=== Material shown ===

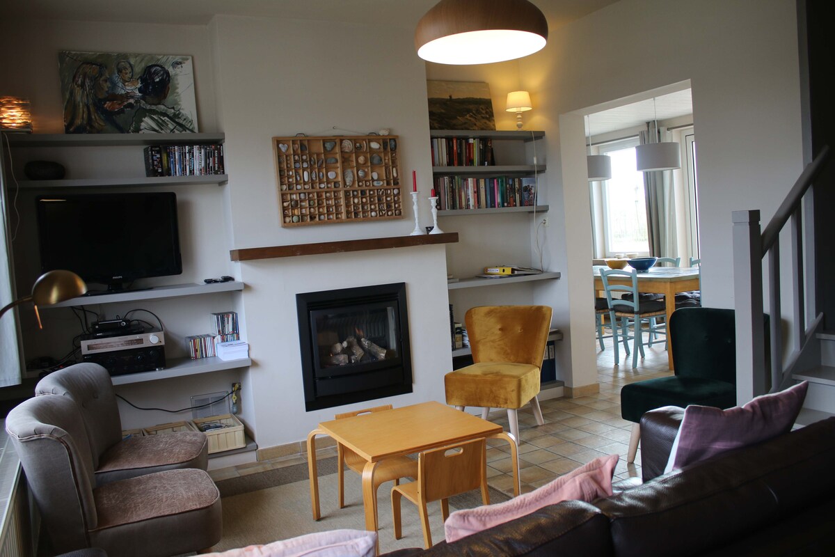 La casa de dunas tiene una ubicación única, en el borde de una antigua reserva de dunas, a 2 km del mar. El gran jardín orientado al sur está totalmente cerrado, ideal para niños. El callejón sin salida hace que haya un oasis de paz en nuestra cabaña de dunas. Alquilamos por fin de semana , entre semana, semana o más. El fin de semana siempre comienza el viernes por la noche. POR FAVOR, hazlo: SOLO ALQUILAMOS LAS VACACIONES ESCOLARES POR SEMANA: viernes a viernes. Hay dos bicicletas normales disponibles. Acogedora chimenea de gas cerrada (sin leña)
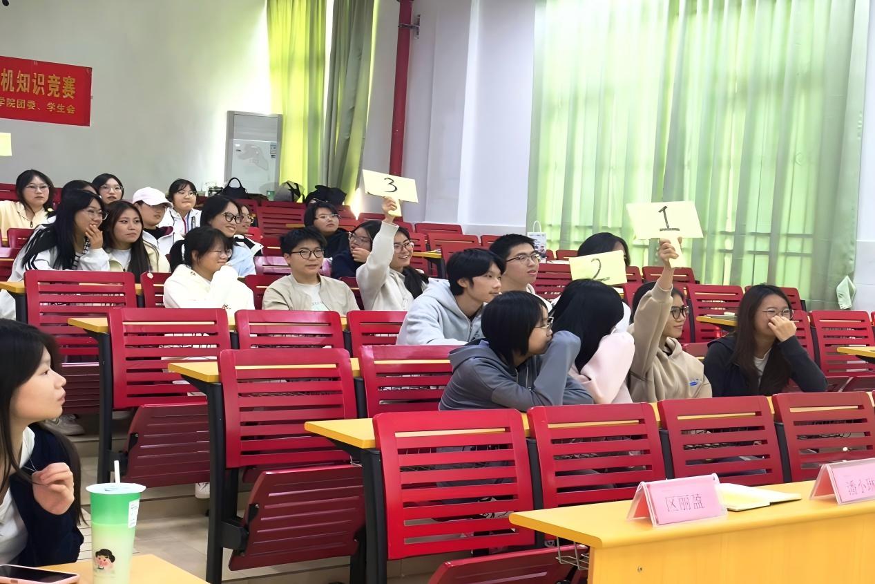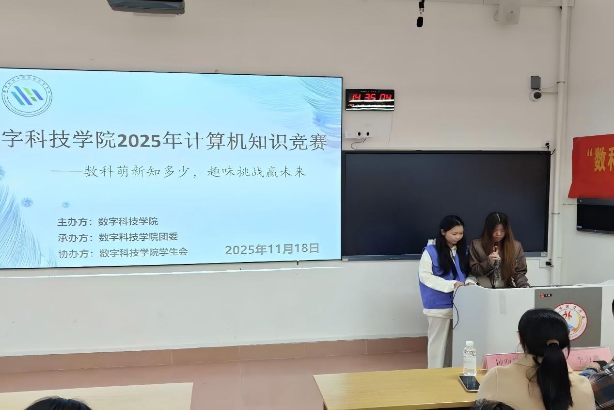 为进一步激发与巩固计算机相关专业新生的知识掌握程度及运用能力,增长数字科技学院2025级新生计算机技术的专业知识。由数字科技学院团委、学生会承办的“数科萌新知多少,趣味挑战赢未来”计算机知识竞赛,于2025年11月18日以及25日,分别在五合和空港校区举办。本次竞赛由数字科技学院党总支书记、副院长钟明辉老师与团委书记李万鑫老师,以及各队伍参赛选手、观摩人员和团委、学生会工作人员共同参与。
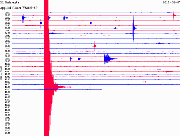 Δείτε πώς κατέγραψε τη δόνηση ο σεισμογράφος του Γεωδυναμικού Ινστιτούτου του Εθνικού Αστεροσκοπείου Αθηνών που είναι εγκατεστημμένος στα Καλάβρυτα.
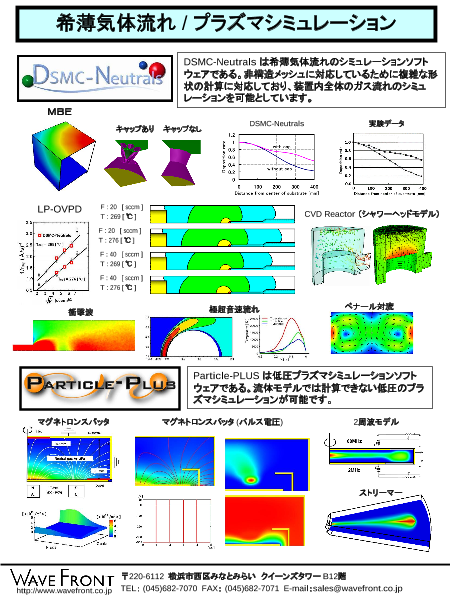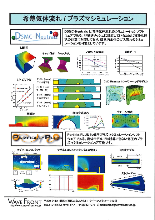 ■DSMC-Neutralsは希薄気体流れのシミュレーションソフトウェアです。 非構造メッシュに対応しているために複雑な形状の計算に対応しており、装置内全体のガス流れのシミュレーションを可能としています。 ■Particle-PLUSは低圧プラズ...
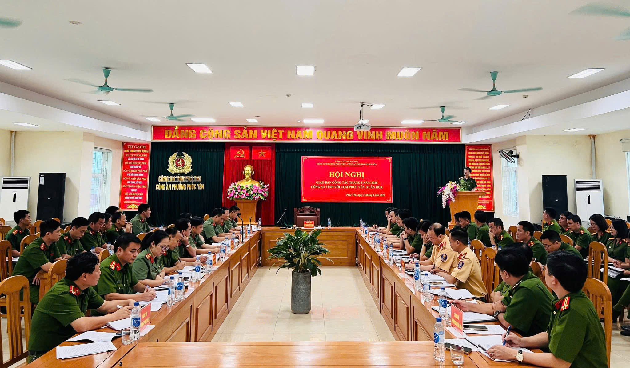 Chiều 25/8, tại Công an phường Phúc Yên, đồng chí Đại tá Hoàng Nguyễn Phi Khanh - Ủy viên Ban Thường vụ Đảng ủy, Phó Giám đốc Công an tỉnh chủ trì Hội nghị giao ban công tác tháng 8/2025 của Cụm Công an phường Phúc Yên, Xuân Hòa.
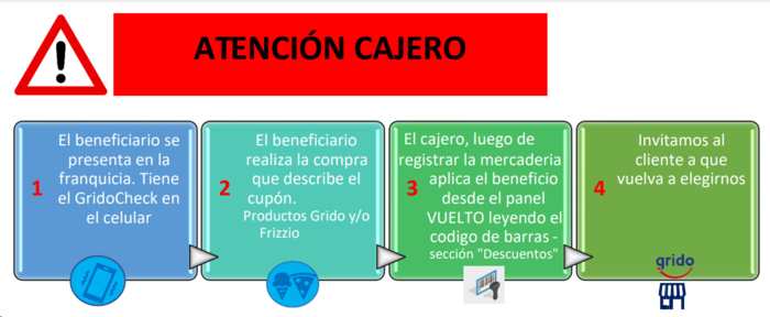 El beneficiario se presenta en la franquicia, menciona que posee un beneficio, exhibe desde su celular el cupón al Cajero, realiza la compra que el cupón indica mientras el cajero va cargando la misma.
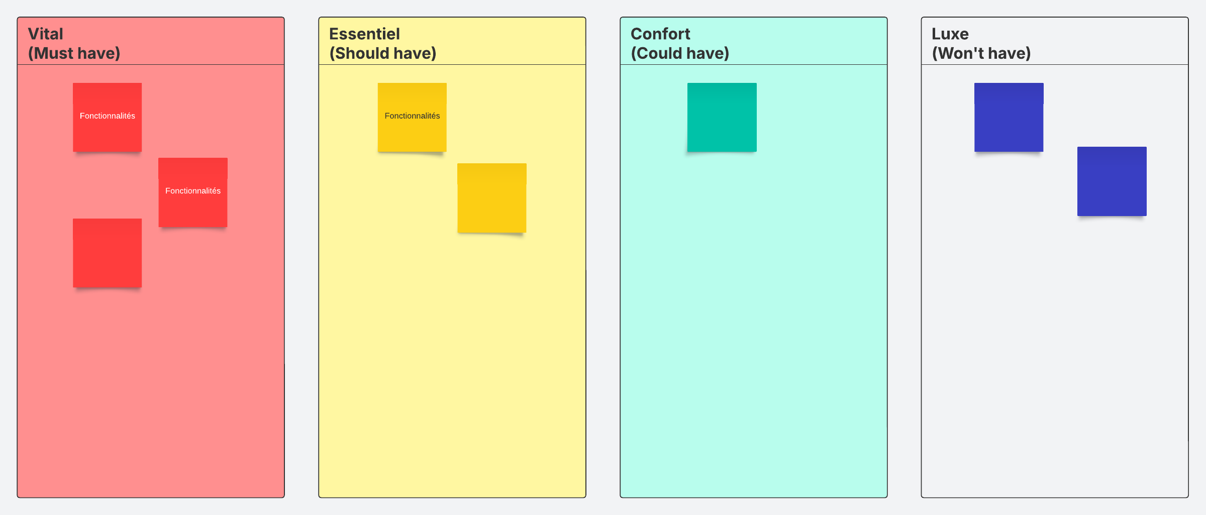 Essayez la méthode MoSCoW pour hiérarchiser stratégiquement les initiatives et les fonctionnalités. Classez vos initiatives dans l'une des quatre catégories suivantes•: Must have (Vital), Should have (Essentiel), Could have (Confort) ou Won't have (Luxe). Une fois que vous avez déterminé quelles sont les fonctionnalités les plus utiles, vous pouvez établir des priorités de mise en œuvre. MoSCoW est un acronyme anglais dont les initiales signifient Must have, Should have, Could have et Won't have.
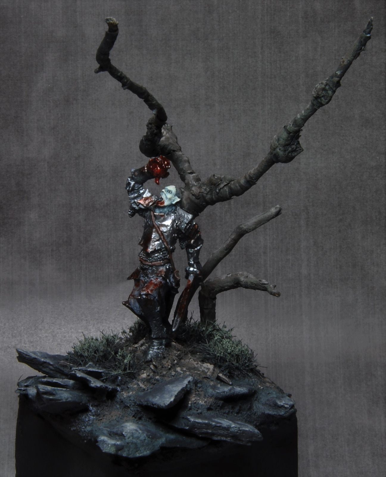 Als ersten Bemalungschritt kam dann die Base dran, die für die Mini hab ich mir vorgestellt, dass der Fürst nach einer nächtlichen Schlacht gerade das Herz des gegnerischen Generals verspeist und damit die Schlacht entschieden ist - Die ganze Szene würde also eher dunkel werden - Ausschließlich erhellt von Mondlicht

===

Instructions for the task
Print the material above word for word, first line through the line with "Essayez la méthode", and leave every picture out.

Task result
 La casa de dunas tiene una ubicación única, en el borde de una antigua reserva de dunas, a 2 km del mar. El gran jardín orientado al sur está totalmente cerrado, ideal para niños. El callejón sin salida hace que haya un oasis de paz en nuestra cabaña de dunas. Alquilamos por fin de semana , entre semana, semana o más. El fin de semana siempre comienza el viernes por la noche. POR FAVOR, hazlo: SOLO ALQUILAMOS LAS VACACIONES ESCOLARES POR SEMANA: viernes a viernes. Hay dos bicicletas normales disponibles. Acogedora chimenea de gas cerrada (sin leña)
 为进一步激发与巩固计算机相关专业新生的知识掌握程度及运用能力,增长数字科技学院2025级新生计算机技术的专业知识。由数字科技学院团委、学生会承办的“数科萌新知多少,趣味挑战赢未来”计算机知识竞赛,于2025年11月18日以及25日,分别在五合和空港校区举办。本次竞赛由数字科技学院党总支书记、副院长钟明辉老师与团委书记李万鑫老师,以及各队伍参赛选手、观摩人员和团委、学生会工作人员共同参与。
 Δείτε πώς κατέγραψε τη δόνηση ο σεισμογράφος του Γεωδυναμικού Ινστιτούτου του Εθνικού Αστεροσκοπείου Αθηνών που είναι εγκατεστημμένος στα Καλάβρυτα.
 ■DSMC-Neutralsは希薄気体流れのシミュレーションソフトウェアです。 非構造メッシュに対応しているために複雑な形状の計算に対応しており、装置内全体のガス流れのシミュレーションを可能としています。 ■Particle-PLUSは低圧プラズ...
 Chiều 25/8, tại Công an phường Phúc Yên, đồng chí Đại tá Hoàng Nguyễn Phi Khanh - Ủy viên Ban Thường vụ Đảng ủy, Phó Giám đốc Công an tỉnh chủ trì Hội nghị giao ban công tác tháng 8/2025 của Cụm Công an phường Phúc Yên, Xuân Hòa.
 El beneficiario se presenta en la franquicia, menciona que posee un beneficio, exhibe desde su celular el cupón al Cajero, realiza la compra que el cupón indica mientras el cajero va cargando la misma.
 Essayez la méthode MoSCoW pour hiérarchiser stratégiquement les initiatives et les fonctionnalités. Classez vos initiatives dans l'une des quatre catégories suivantes•: Must have (Vital), Should have (Essentiel), Could have (Confort) ou Won't have (Luxe). Une fois que vous avez déterminé quelles sont les fonctionnalités les plus utiles, vous pouvez établir des priorités de mise en œuvre. MoSCoW est un acronyme anglais dont les initiales signifient Must have, Should have, Could have et Won't have.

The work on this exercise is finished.